These smart systems can help edge computing move to the next level.
A system on a chip (SOC) combines hardware and software, including components like a graphical processing unit (GPU), a central processing unit (CPU) and system memory (RAM) all on single chip
If the chip is endowed with neural network technology comprised of algorithms designed to recognize underlying data relationships the way a human brain does and then further “smartened” with artificial intelligence (AI) that is made for use in the consumer, automotive, and industrial markets, it adds even more edge intelligence that enhances operational and IT performance and can be distributed throughout enterprises.
SEE: Managing AI and ML in the enterprise 2020 (free PDF) (TechRepublic)
This is the vision on which Brainchip, a neutral network processing provider, and Socionext, a developer of system-on-a-chip solutions, have been collaborating.

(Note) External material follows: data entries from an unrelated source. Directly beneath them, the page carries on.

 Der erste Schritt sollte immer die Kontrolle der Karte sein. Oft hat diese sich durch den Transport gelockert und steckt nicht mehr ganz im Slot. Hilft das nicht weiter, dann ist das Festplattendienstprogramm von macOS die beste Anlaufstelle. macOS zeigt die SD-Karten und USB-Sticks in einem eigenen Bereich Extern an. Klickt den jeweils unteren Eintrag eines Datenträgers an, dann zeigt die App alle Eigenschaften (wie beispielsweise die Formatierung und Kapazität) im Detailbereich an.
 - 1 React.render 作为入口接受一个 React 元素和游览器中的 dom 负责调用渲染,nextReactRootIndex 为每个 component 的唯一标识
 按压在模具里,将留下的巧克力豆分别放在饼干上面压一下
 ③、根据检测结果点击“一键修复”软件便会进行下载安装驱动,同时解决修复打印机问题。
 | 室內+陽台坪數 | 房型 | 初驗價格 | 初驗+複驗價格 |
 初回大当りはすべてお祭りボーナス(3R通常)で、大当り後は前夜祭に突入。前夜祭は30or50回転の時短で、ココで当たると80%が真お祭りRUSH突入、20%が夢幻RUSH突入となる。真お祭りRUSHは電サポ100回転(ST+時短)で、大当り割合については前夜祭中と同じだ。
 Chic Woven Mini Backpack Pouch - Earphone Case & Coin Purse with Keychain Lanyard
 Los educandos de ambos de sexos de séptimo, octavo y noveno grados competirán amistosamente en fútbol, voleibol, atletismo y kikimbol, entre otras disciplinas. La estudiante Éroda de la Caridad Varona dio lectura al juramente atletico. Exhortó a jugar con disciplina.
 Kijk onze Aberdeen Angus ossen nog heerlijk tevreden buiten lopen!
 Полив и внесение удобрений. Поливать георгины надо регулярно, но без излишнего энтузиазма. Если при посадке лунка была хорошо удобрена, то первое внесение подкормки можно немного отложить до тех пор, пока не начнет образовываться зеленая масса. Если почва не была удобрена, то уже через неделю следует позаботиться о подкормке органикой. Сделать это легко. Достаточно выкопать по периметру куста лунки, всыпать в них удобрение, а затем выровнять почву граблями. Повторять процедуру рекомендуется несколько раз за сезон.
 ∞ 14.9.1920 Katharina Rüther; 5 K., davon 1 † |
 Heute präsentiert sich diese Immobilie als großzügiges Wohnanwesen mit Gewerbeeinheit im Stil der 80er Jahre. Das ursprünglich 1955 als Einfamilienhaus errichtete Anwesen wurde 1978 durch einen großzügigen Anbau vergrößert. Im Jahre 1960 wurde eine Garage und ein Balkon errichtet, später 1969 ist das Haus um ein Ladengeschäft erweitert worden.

“The goal is to bring more edge AI to the marketplace,” said Brainchip’s COO Roger Levinson. “The traditional IT architecture that is data center-centric doesn’t support edge computing that well,” Levinson said. “Consequently, many organizations find themselves with a dearth of IT resources at the edge of their enterprises, where the Internet of Things (IoT) and AI are now working. These organizations find themselves with limited power, compute, and memory at the edge.”
In these circumstances, it’s difficult to scale out the many edge IoT applications that are entering the marketplace and that can help operational improvements.
A solution like Brainchip-Socionext can plug into an edge device through USB or PCIe ports because it uses standard interfaces. It can provide up to 24 core processors in a box. Edge computing packages like this offer real promise for offloading processing and data loads from a central data center. They also reduce bandwidth and throughput requirements and minimize latency, because processing can occur at the edge.
Among the use cases that benefit from edge-empowering technology are smart cities with a need to manage remote cameras and traffic signals; and in-cabin automotive applications that can authenticate driver IDs and monitor driver behavior.
SEE: How to implement edge computing (TechRepublic)
Here are some takeaways for IT managers who must now think about IoT deployment and management.
Rethink your corporate IT architecture
Centralized computing isn’t going away, but strictly data-centric IT architectures won’t be sufficiently flexible or economical if your plan is to deploy IoT, AI, machine learning, and other applications at the edge of your enterprise.
Architecturally, IT needs to redeploy storage and processing resources to the edge. Additionally, data lines and networks will need to be reconfigured so they can support the edge and its new data flows.
2. Distribute processing
More compute and storage need to be deployed at the edge so edge applications can run. These edge deployments can be scaled upward or downward as edge demands warrant.
3. Institute sound edge security practices
Edge resources must be secured, and those running applications at the edge must be trained in security best practices. Many edge users will not have IT backgrounds, which makes security training especially important.
On the network side, a zero-trust network patrolling the edge can do a lot for security and monitoring of user activity at the edge.
4. Revise disaster recovery and failover plans
Disaster recovery and failover plans are often left until last in IT project work. However, with more of the IT workload likely headed to the edge, disaster recovery and failover plans should also be revised and tested as edge deployments occur. Edge monitoring, robotics and process automation are becoming mission critical applications in many organizations. A comprehensive disaster recovery and business continuity plan should include them.